BTU leaders have called producers and theatre companies out on the hypocrisy in mission statements that call for diversity and inclusion, “but when you look at these institutions,” says Mitchell, “they are not diverse and they are not inclusive.”
That takes some drilling down to the day-to-day. In recent months, we’ve heard complaints of workplace harassment and racial micro-aggressions such as unwelcome touching of a Black person’s hair in a rehearsal room, requests to "smile more," “jokes” about not being able to see a Black person in the dark of the wings.
“What my purpose is now is to figure out why is it unsafe,” says Tucker. “What makes it suddenly unfriendly to walk into a room where outside—just literally before they open the door—they are among the most confident, ridiculously overly-talented human beings, and they open a door and walk in a room and somebody feels that it's okay to touch their hair. What is that about?

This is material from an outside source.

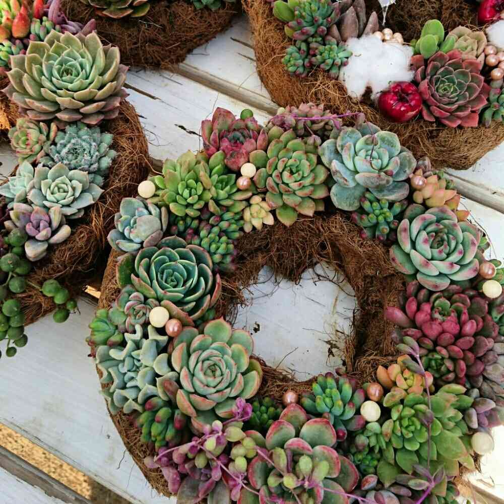 さん(*'▽'*)リースの多肉ちゃん1つ1つがキュッとしまっていてとても可愛いらしいですよね😍

“What happens in that transition between opening the door to walk through? It's trying to understand, what is that control? Is it employer-employee? Is that the issue? Who and why does somebody else think that that's okay to do? And now that we know it’s systemic racism, but how do we make that better?” Tucker urges.
In the quest for better, BTU functions as a catchall for theatre leaders who contact them for guidance, works proactively through different committees on Mentorship, Politics and Political Action, etc., and supports other organizations with their focused efforts.
“We're pro being alive and wanting to move things forward. And, I think in individual ways, we've all tried to do that in different organizations, at different spaces,” says Tucker. “This is the first time with that we've all been unemployed at the same time” and able to make one concerted effort. “It came out of the losses,” she continues. But BTU aims to prove how much we have to gain.